*** Entries shown ***

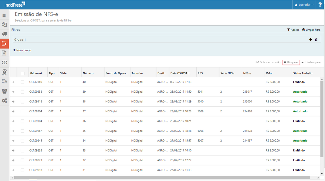 Através da tela de emissão de NFS-e, é possível visualizar as NFS-e OST disponíveis, para que possa solicitar a emissão de notas fiscais de serviço, onde as mesmas sejam integradas com as respectivas prefeituras. Disponível também o opções de bloqueio e desbloqueio de NFS-e para pagamento por motivo de sinistro de carga.
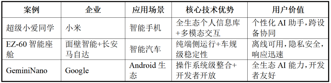 以Google、Apple为代表。这些企业通过操作系统和芯片的生态控制力,构建了难以撼动的竞争壁垒。Google的GeminiNano深度集成Android系统,覆盖全球数十亿设备;Apple的AppleIntelligence基于自研芯片,强调隐私优先和端云协同,截至2024年Q4,超过10亿台设备将获得该功能。
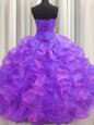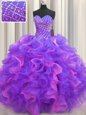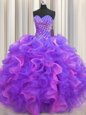 Unique Bling-bling Visible Boning Sweetheart Sleeveless Lace Up Quinceanera Dresses Multi-color Tulle
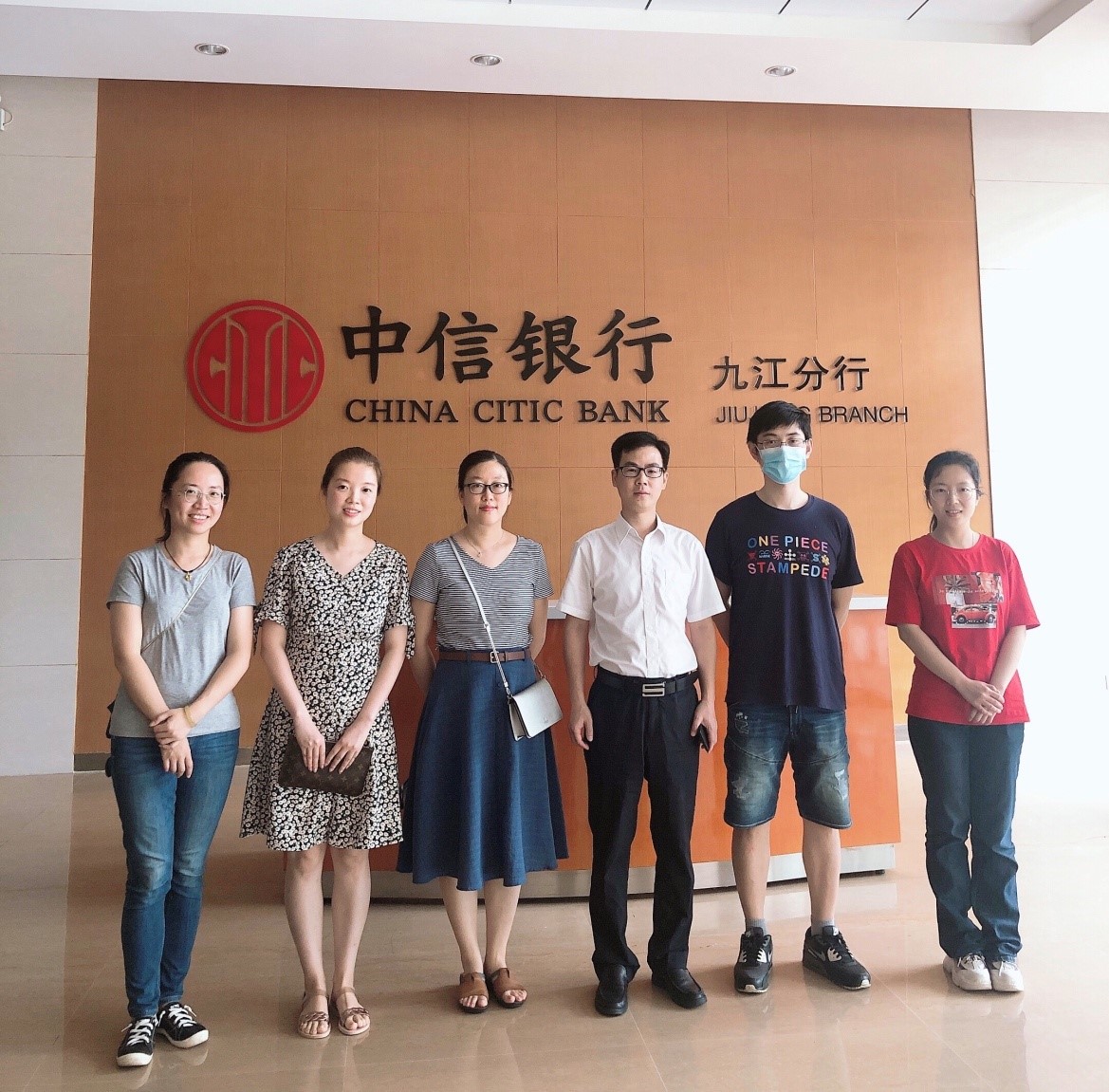 2020年7月9日,财税金融学院党总支副书记王怡然、金融教研室主任龚奕带队先后走访了中信银行九江分行和中国银行南湖支行,开展企业走访调研活动。
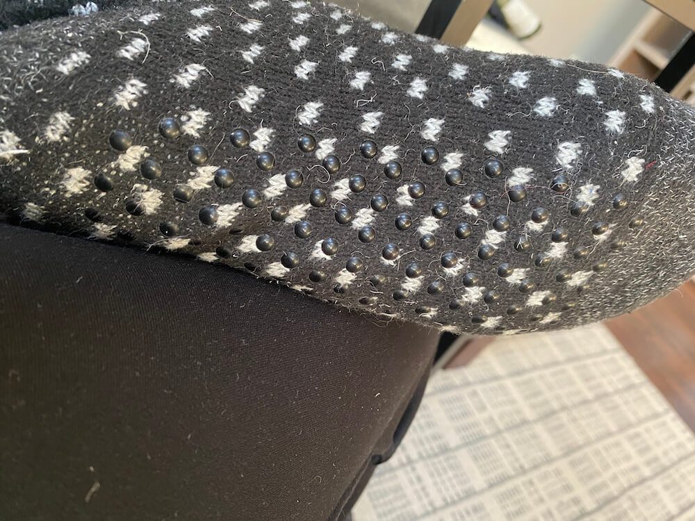 My friends got me these socks as a gift a few years ago and I wear them any time I’m just relaxing in the house. I’ve purchased more pairs of these because they are so comfy! These are great because they make me feel safer than regular socks (especially on the hard wood floors) because of the grips on the bottom of the sock. It’s also really fuzzy which is nice for cold winter nights.
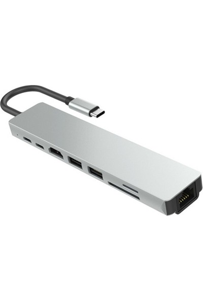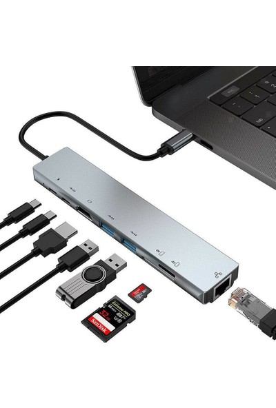 Arabulalaca A3449 M5 Işlemci 2026 Ethernet USB Type-C Hub HDMI Girişi Çevirici 8in1 Çevirici Adaptör
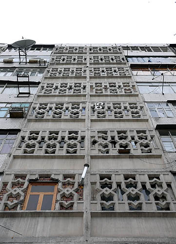 В контрасте к далеко идущим без каких-либо украшений конструкциям такого типа строения в других городах Советского Союза, фасады с фронтоном и области входа панельных домостроений в Ташкенте в основном украшены декоративными элементами.
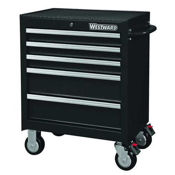 Description Rolling Tool Cabinet, Heavy Duty, Width 26 11/16 in, Depth 18 in, Height 33 25/64 in, Number of Drawers 5, Black, Drawer Color Black, Drawer Capacity 100 lb, Ball Bearing Drawer Slides, Powder Coated Finish, Storage Capacity 7,303 cu in, Load Rating 1320 lb, Caster Size 5 in x 2 in, Number of Shelves 0, Steel, Drawers: 18, Body: 20 Gauge, Work Surface Material Polyethylene Foam, Caster Wheel Material Polypropylene, Caster Type Solid, Keyed, Tubular Side Handles
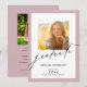 Este elegante convite para festas de formatura oferece duas imagens fotográficas, uma na frente e outra atrás. O design é acentuado com o texto do estilo de letra da moda e uma borda rosa empoeirada. Personalize a parte de trás com os detalhes do seu convite de festas.
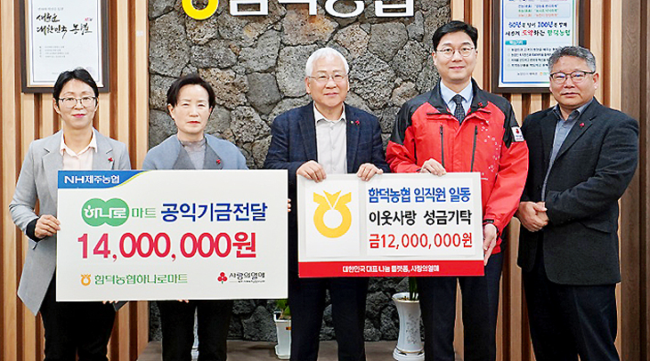 함덕농협(조합장 현승종)은 최근 함덕농협하나로마트 본점에서 하나로마트 공익기금과 임직원 성금을 포함한 총 2600만 원을 제주사회복지공동모금회(회장 강지언)에 기탁했다.
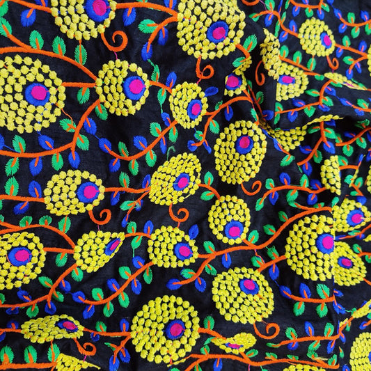 Designer Habutai Silk Embroidered Fabric (Heavy Border)
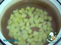 Затем вилкой ломаем кусочки рыбы и отправляем в кастрюлю к картофелю. |
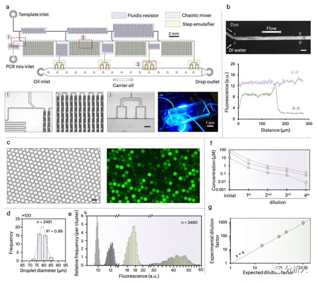 圖 2:Flodd-PCR 芯片設(shè)計(jì)及稀釋性能表征
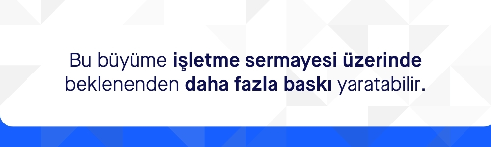 Şirketler hızlı büyüme dönemlerinde genellikle artan sipariş hacmi ile birlikte daha fazla hammadde, üretim ve operasyon finansmanı ihtiyacıyla karşılaşır.
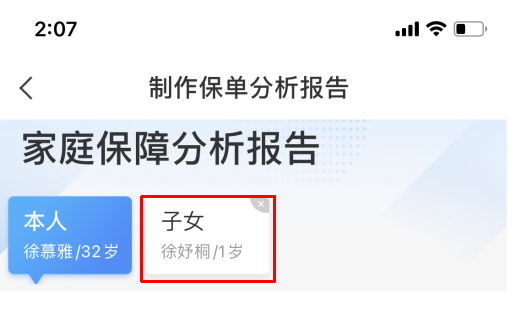 备注:该功能默认会把这个客户/家庭所关联的家庭成员都带出来,您可以为多个成员分别设置建议缺口及推荐产品,如希望此报告中不包含某成员,可点击成员右上角“叉”键把该成员删除。
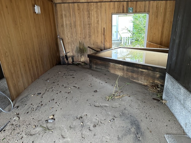 大浴場は全て濁流で飲み込まれておりましたので、ほとんどのものを廃棄するしかありません。もういっそ、露天風呂をなくしてしまったほうがいいのではと真剣に悩みました。
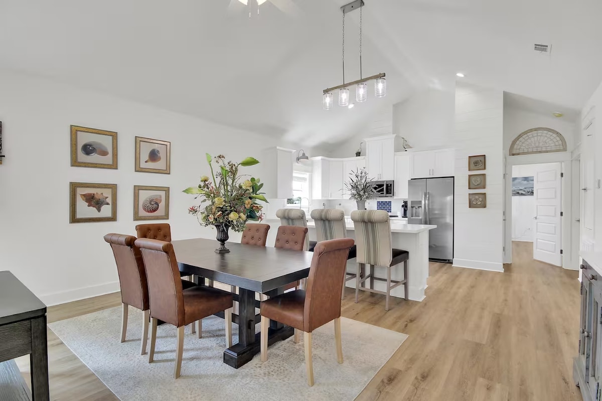 Profitez de votre escapade dans une maison de ville élégante et située au centre avec toute la sensation d'être chez vous. Tout ce dont vous avez besoin pour profiter des beaux sites et de la plage est facilement accessible depuis The Blue Heron. À distance de marche des magasins, des restaurants et du parc, à un pâté de maisons de la plage : le Blue Heron se trouve au milieu de tout cela. Il s'agit d'un logement à l'étage/en bas avec une cuisine entièrement équipée, des appareils électroménagers de grande taille et un bar à café Keurig approvisionné. Lits Queen Size dans chaque chambre avec salles de bain privatives.
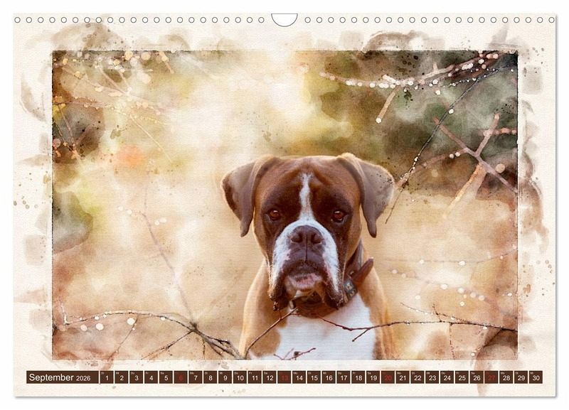Boxer, sportliche Familienhunde mit ganz viel Charakter. Ihr Charme und ihre Schönheit kommen hier in dreizehn wundervollen Portraits besonders gut zur Geltung, denn die Fotografien wurden liebevoll mit einer Watercolortechnik bearbeitet. Herausgekommen ist ein wunderbar dekorativer Wandkalender dieser faszinierenden Hunderasse.

*** End of Entries shown ***

## Prompt
Your reply should hold only the lines running from the one with "备注:该功能默认会把这个客户" to the end of the data above, set down exactly, pictures omitted.

## Response for this exercise
 备注:该功能默认会把这个客户/家庭所关联的家庭成员都带出来,您可以为多个成员分别设置建议缺口及推荐产品,如希望此报告中不包含某成员,可点击成员右上角“叉”键把该成员删除。
 大浴場は全て濁流で飲み込まれておりましたので、ほとんどのものを廃棄するしかありません。もういっそ、露天風呂をなくしてしまったほうがいいのではと真剣に悩みました。
 Profitez de votre escapade dans une maison de ville élégante et située au centre avec toute la sensation d'être chez vous. Tout ce dont vous avez besoin pour profiter des beaux sites et de la plage est facilement accessible depuis The Blue Heron. À distance de marche des magasins, des restaurants et du parc, à un pâté de maisons de la plage : le Blue Heron se trouve au milieu de tout cela. Il s'agit d'un logement à l'étage/en bas avec une cuisine entièrement équipée, des appareils électroménagers de grande taille et un bar à café Keurig approvisionné. Lits Queen Size dans chaque chambre avec salles de bain privatives.
Boxer, sportliche Familienhunde mit ganz viel Charakter. Ihr Charme und ihre Schönheit kommen hier in dreizehn wundervollen Portraits besonders gut zur Geltung, denn die Fotografien wurden liebevoll mit einer Watercolortechnik bearbeitet. Herausgekommen ist ein wunderbar dekorativer Wandkalender dieser faszinierenden Hunderasse.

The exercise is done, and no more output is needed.